### [Work required]
When copying the data below, keep only the lines from the one with "管理学院管理名家汇聚行动计划" through the one with "大碼女裝秋冬搭配一整套胖mm梨型巨顯瘦慵懶風松弛感糯米裙兩件套", word for word, and skip the pictures.

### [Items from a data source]
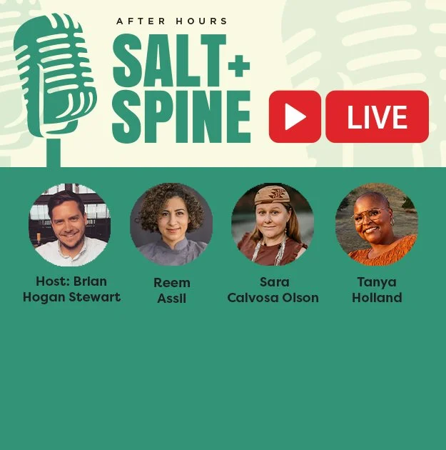 “Join us as we bring cookbooks to life with a live recording of the award-winning Salt + Spine podcast, which features compelling cookbook authors in conversation. For this thought-provoking episode focused on the "State of California Cuisine," host Brian Hogan Stewart will be joined in conversation by three local cookbook authors: Tanya Holland, Reem Assil, and Sara Calvosa Olson. Be part of our live studio audience as we discuss their culinary and cookbook careers, the now-and-future of California cooking, and put our guests to the test in our signature game.”
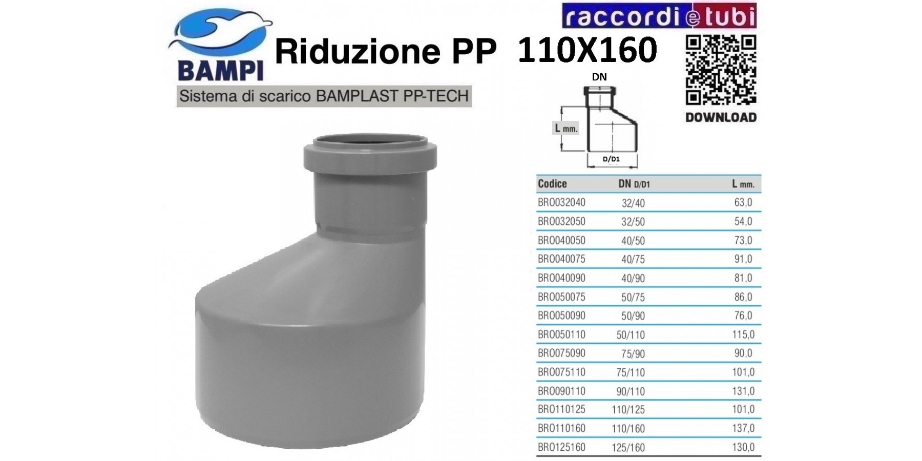 RIDUZIONE A INNESTO PP-H/MC MF 160X110
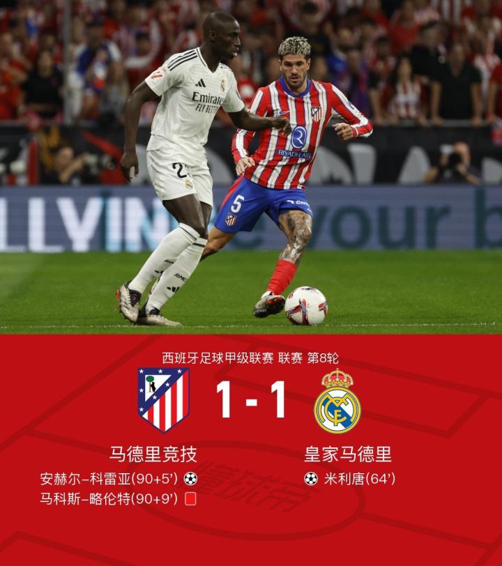北京时间9月30日03:00,西甲第8轮迎来马德里德比,马德里竞技坐镇主场西维塔斯大都会球场迎战皇家马德里,本场主裁判为布斯克茨-费雷尔。比赛中,米利唐抽射打破僵局。随后比赛因球迷投掷杂物一度中断。恢复后,安赫尔-科雷亚上演补时绝平。马科斯-略伦特被直红罚下。最终,双方以1-1战平。
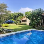 Alberca, camastros, pérgola y hermoso jardín plano.
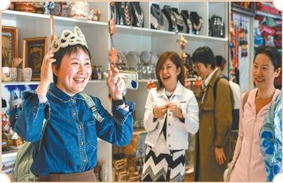 在位于新疆阿图什市的克州民俗风情园内,游客们欣赏完精彩的玛纳斯表演,纷纷挑选起具有民族特色的服饰。新华社摄影记者王菲记录下了这一幕。
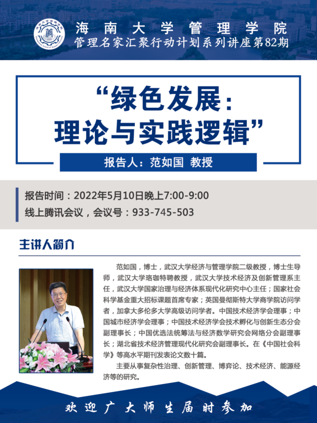 管理学院管理名家汇聚行动计划系列讲座第82期顺利举办(线上视频会议形式)。本次讲座由武汉大学二级教授、武汉大学珞珈特聘教授、经济与管理学院博士生导师范如国教授主讲,黄色网站
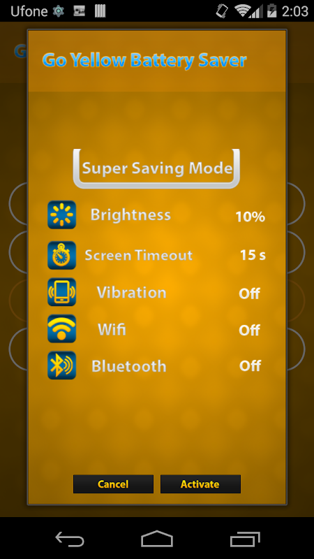 la mejor batería proporciona verdaderos métodos para salvar la vida de la batería. El protector de la batería Ir amarillo va a monitorear aplicaciones y cuáles son pierda su vida de la batería. También es útil para los basculantes para Wi-Fi, 3G, los datos móviles 4G, el modo de avión, GPS, Bluetooth, y la aplicación de otros, puede gestionar sus sensores de telefonía móvil, el brillo de la telefonía móvil, la batería aplicación de protector de cargador que mantener las aplicaciones y servicios de funcionamiento y el sistema de nivel.
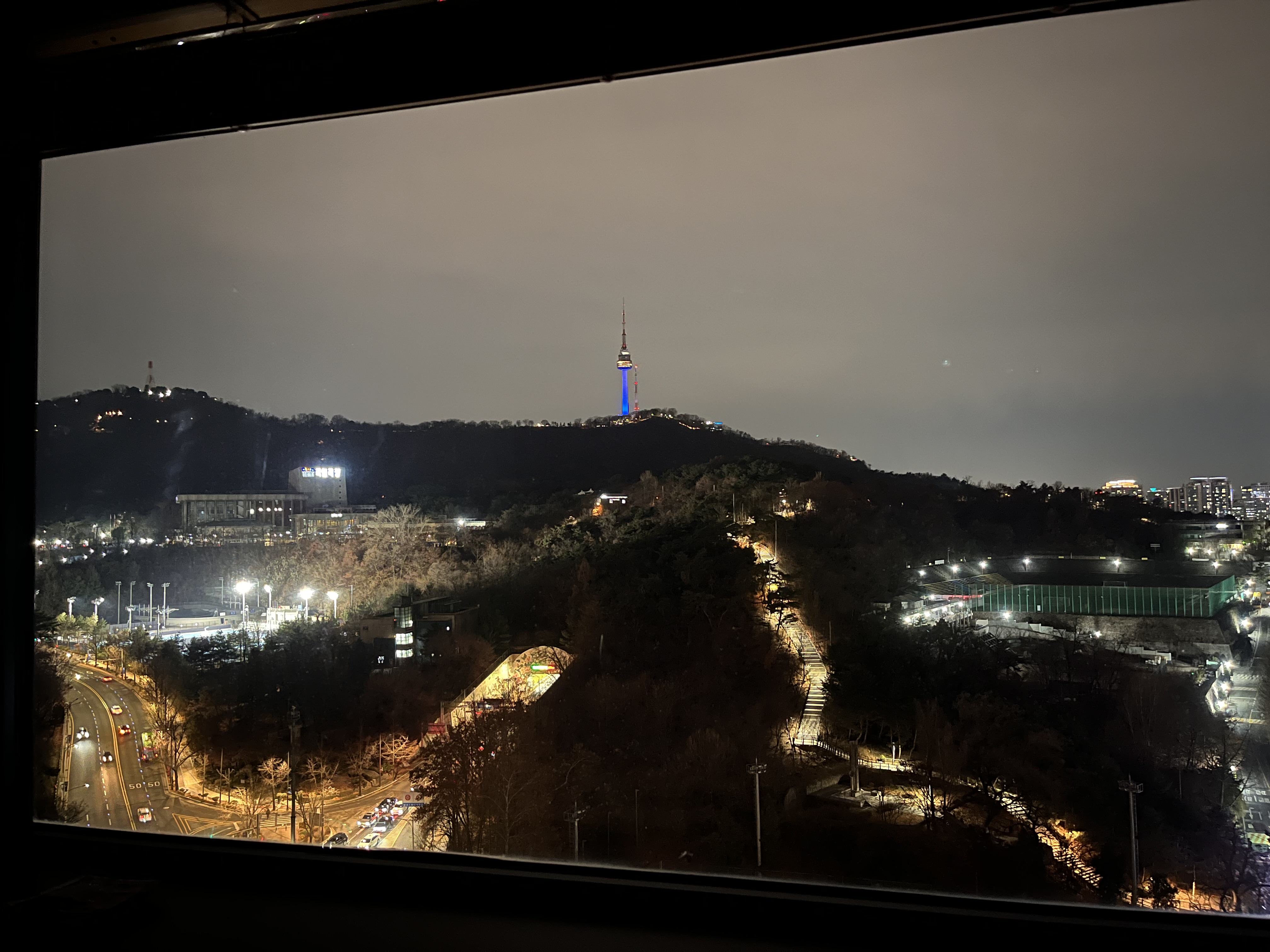 깜깜해지고 돌아오니 이런 멋진 풍경이 창밖으로 펼쳐져 있었다.
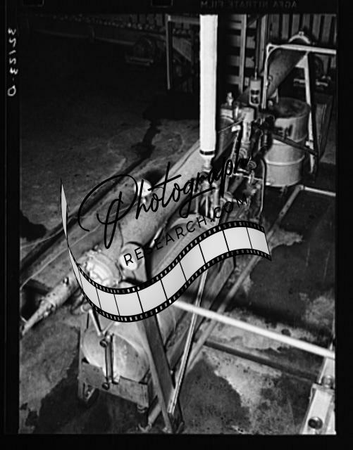 Title: Cans are fed by gravity to a sterilizer and they are then filled in a rotary machine at the grapefruit juice canning plant. Weslaco, Texas
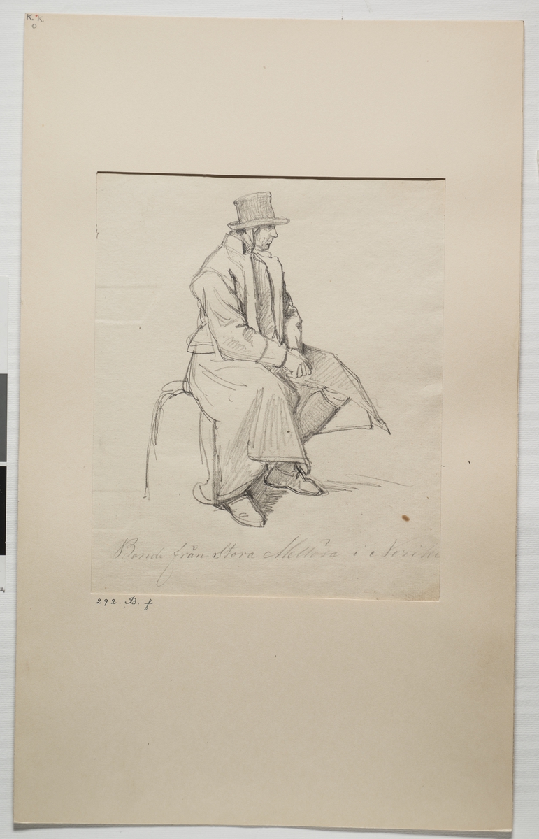Teckning av bonde från Stora Mellösa i Närke. Inv. nr: 57.341b.
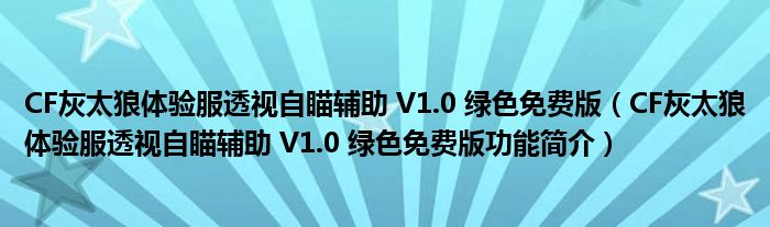 CF灰太狼体验服透视自瞄辅助 V1.0 绿色免费版(CF灰太狼体验服透视自瞄辅助 V1.0 绿色免费版功能简介)
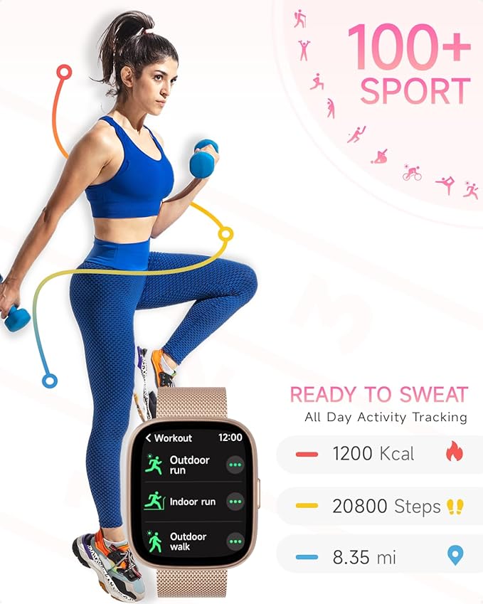 - Fitness & Activity Tracker: Track your health and fitness goals with TOOBUR's fitness watch for women. Monitor real-time heart rate, and stress levels, with instant alerts for any irregularities. And Your can track your period with menstrual cycle tracking and ovulation prediction as well. Choose from over 100 sports modes to track steps, calories, distance, and speed. With IP68 waterproofing, our smartwatch is perfect for swimming and all activities.
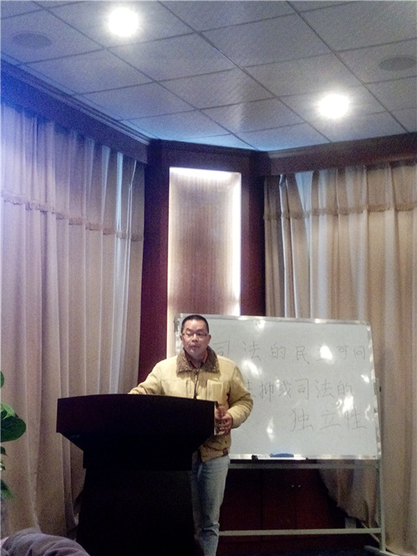 昆明中级人民法院知识产权庭副庭长蔡涛结合自己的审判实践就上述问题阐述了自己的观点。从中国的司法独立的机关独立和法官个人独立等问题作了分析。并呼吁我们在学习法律的过程中树立崇高的职业理想,做好自己的职业规划,关注中国法制的发展方向。
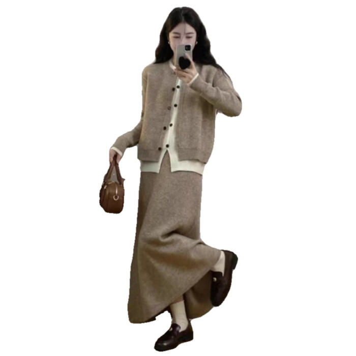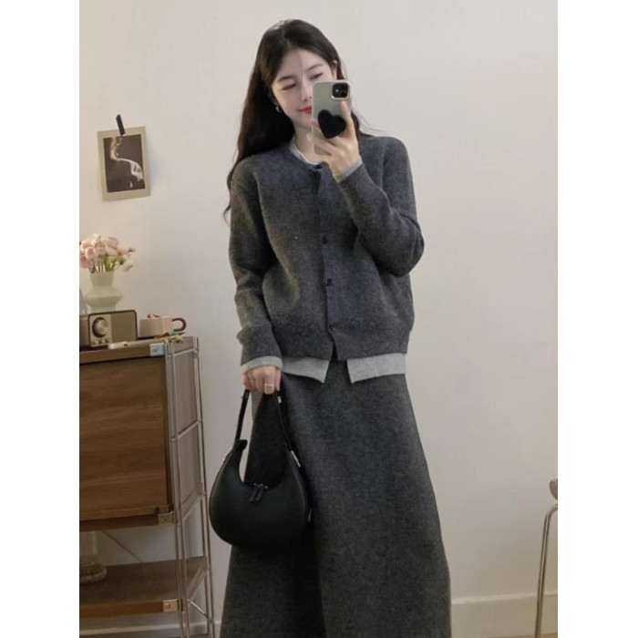 大碼女裝秋冬搭配一整套胖mm梨型巨顯瘦慵懶風松弛感糯米裙兩件套
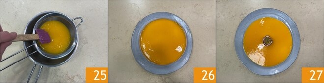 Filtrez la gelée à travers une passoire pour éliminer d'éventuels grumeaux 25. Versez ensuite la gelée sur la base solidifiée 26 et remettez au congélateur pendant 20 minutes pour refroidir. Servez la cheesecake au fruit de la passion garnie d'un demi-fruit 27.
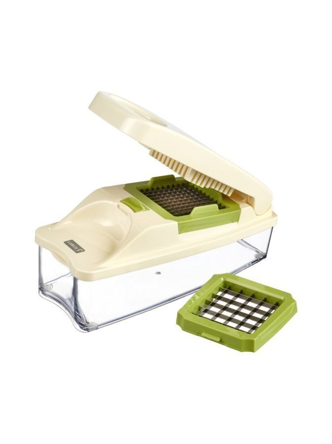 Perunan, porkkanan ja hedelmien pilkkominen on usein työlästä ja viipaleista tulee eri kokoisia. Kätevällä vihannessilppurilla pienit monet kasvikset ja hedelmät kuutioiksi tai tikuiksi nopesti ja helposti. Pakkauksessa on kaksi terävää terää, joilla leikkaat 7 x 7 mm ja 14 x 14 mm kokoisia paloja suoraa alla olevaan säiliöön. Pohjassa olevat liukuesteet pitävät astian paikoillaan.
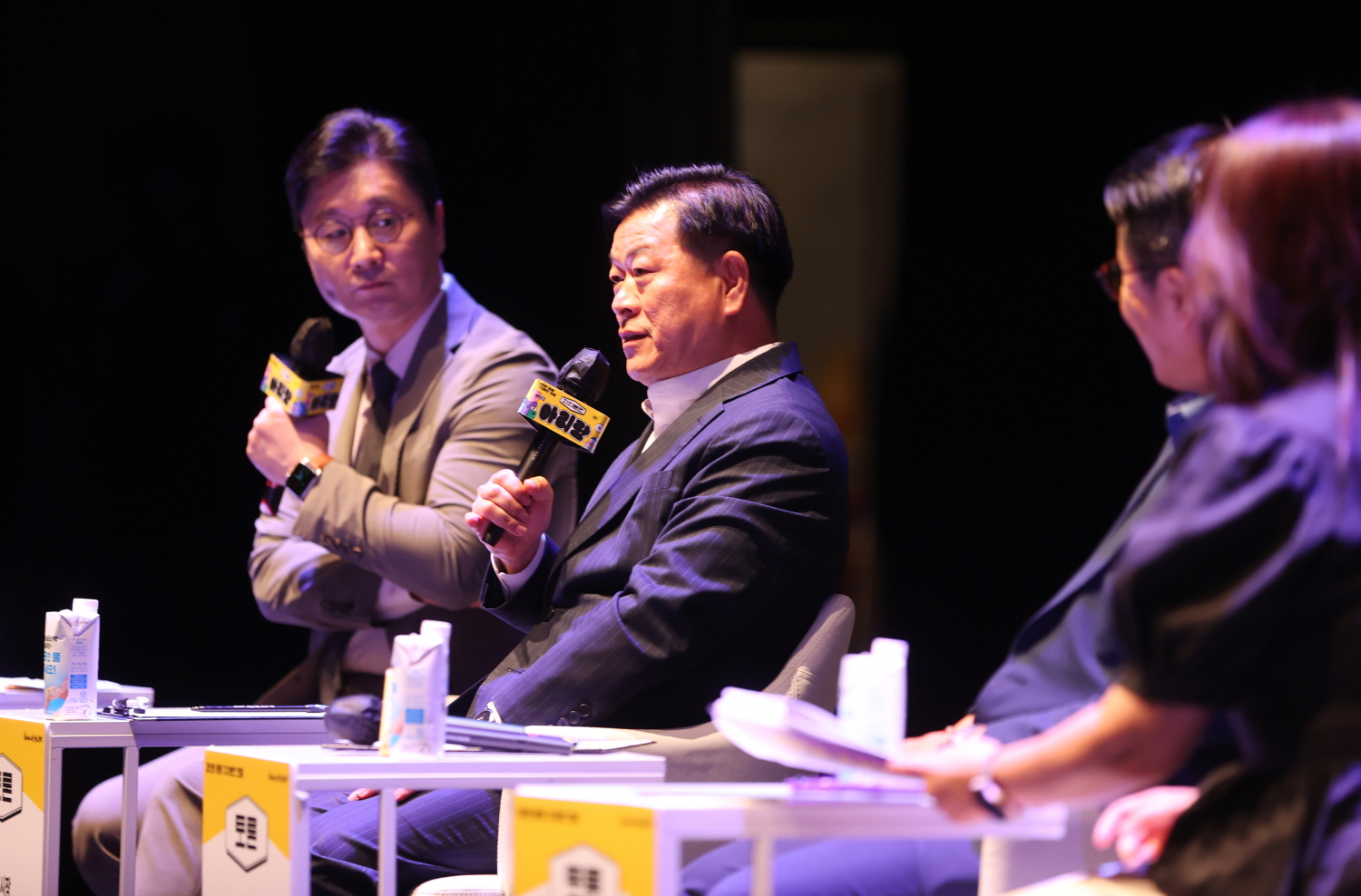 박승원 광명시장(왼쪽 두 번째)이 24일 광명극장에서 열린 제6회 자치분권 포럼 ‘자치분권 아리랑’ 토크콘서트에서 발언하고 있다. (사진 = 광명시)
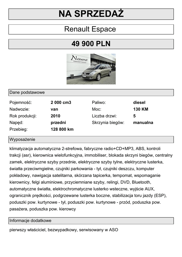 NA SPRZEDAŻ Renault Espace 49 900 PLN Dane podstawowe Pojemność: 2 000 cm3 Paliwo: diesel Nadwozie: van Moc: 130 KM Rok produkcji: 2010 Liczba drzwi: 5 Napęd: przedni Skrzynia biegów: manualna Przebieg: 128 800 km Wyposażenie klimatyzacja automatyczna 2-strefowa, fabryczne radio+CD+MP3, ABS, kontroli trakcji (asr), kierownica wielofunkcyjna, immobiliser, blokada skrzyni biegów, centralny zamek, elektryczne szyby przednie, elektryczne szyby tylne, elektryczne lusterka, światła przeciwmgielne, czujniki parkowania - tył, czujniki deszczu, komputer pokładowy, nawigacja satelitarna, skórzana tapicerka, tempomat, wspomaganie kierownicy, felgi aluminiowe, przyciemniane szyby, relingi, DVD, Bluetooth, automatyczne światła, elektrochromatyczne lusterko wsteczne, wyjście AUX, ogranicznik prędkości, podgrzewane lusterka boczne, stabilizacja toru jazdy (ESP), poduszki pow. kurtynowe - tył, poduszki pow. kurtynowe - przód, poduszka pow. pasażera, poduszka pow. kierowcy Informacje dodatkowe pierwszy właściciel, bezwypadkowy, serwisowany w ASO Opis Opis pojazdu Samochód w 100% bezwypadkowy. Stan Techniczny idealny. Pełna historia serwisowa do wglądu. WYPOSAŻENIE: - kolorowa nawigacja - DVD + monitory LCD w zagłówkach - klimatyzacja automatyczna dwu strefowa, - system głośnomówiący Bluetooth do telefonu - tylne siedzenia z wbudowanymi pasami bezpieczeństwa, składane do położenia stolika, mocowane na prowadnicach, przystosowane do mocowania fotelików dziecięcych ISOFIX - pół skórzana tapicerka - centralny zamek z pilota - bez kluczykowa obsługa hands free - światła przeciwmgłowe - czujniki parkowania - poprzeczki dachowe - podgrzewane lusterka - elektryczna regulacja lusterek - elektrycznie otwierane szyby - przyciemniane szyby - regulacja wysokości świateł drogowych - komputer pokładowy - skórzana kierownica - sterowanie radiem przy kierownicy - kierownica regulowana w dwóch płaszczyznach - blokada kierownicy - skrzynia 6- cio biegowa - radio CD/MP3 - airbag x 8 sztuk - tempomat - limiter prędkości - regulacja wysokości fotela kierowcy - uchwyty na napoje - ESP (układ kontroli toru jazdy) + układ kontroli podsterowności + ABS (układ zapobiegania poślizgowi kół przy ruszaniu) - immobiliser - wyłącznik poduszki powietrznej pasażera z przodu - zagłówki z regulacją wysokości - 3 gniazda 12V - atermiczna przednia szyba - automatyczny hamulec postojowy, elektromechaniczny - felgi aluminiowe 17'' Szczegółowe informacje : Błażej Lemanik 501 557 255 blemanik(malpka)nawrot.pl

### [Response to the exercise]
 管理学院管理名家汇聚行动计划系列讲座第82期顺利举办(线上视频会议形式)。本次讲座由武汉大学二级教授、武汉大学珞珈特聘教授、经济与管理学院博士生导师范如国教授主讲,黄色网站
 la mejor batería proporciona verdaderos métodos para salvar la vida de la batería. El protector de la batería Ir amarillo va a monitorear aplicaciones y cuáles son pierda su vida de la batería. También es útil para los basculantes para Wi-Fi, 3G, los datos móviles 4G, el modo de avión, GPS, Bluetooth, y la aplicación de otros, puede gestionar sus sensores de telefonía móvil, el brillo de la telefonía móvil, la batería aplicación de protector de cargador que mantener las aplicaciones y servicios de funcionamiento y el sistema de nivel.
 깜깜해지고 돌아오니 이런 멋진 풍경이 창밖으로 펼쳐져 있었다.
 Title: Cans are fed by gravity to a sterilizer and they are then filled in a rotary machine at the grapefruit juice canning plant. Weslaco, Texas
Teckning av bonde från Stora Mellösa i Närke. Inv. nr: 57.341b.
 CF灰太狼体验服透视自瞄辅助 V1.0 绿色免费版(CF灰太狼体验服透视自瞄辅助 V1.0 绿色免费版功能简介)
 - Fitness & Activity Tracker: Track your health and fitness goals with TOOBUR's fitness watch for women. Monitor real-time heart rate, and stress levels, with instant alerts for any irregularities. And Your can track your period with menstrual cycle tracking and ovulation prediction as well. Choose from over 100 sports modes to track steps, calories, distance, and speed. With IP68 waterproofing, our smartwatch is perfect for swimming and all activities.
 昆明中级人民法院知识产权庭副庭长蔡涛结合自己的审判实践就上述问题阐述了自己的观点。从中国的司法独立的机关独立和法官个人独立等问题作了分析。并呼吁我们在学习法律的过程中树立崇高的职业理想,做好自己的职业规划,关注中国法制的发展方向。
 大碼女裝秋冬搭配一整套胖mm梨型巨顯瘦慵懶風松弛感糯米裙兩件套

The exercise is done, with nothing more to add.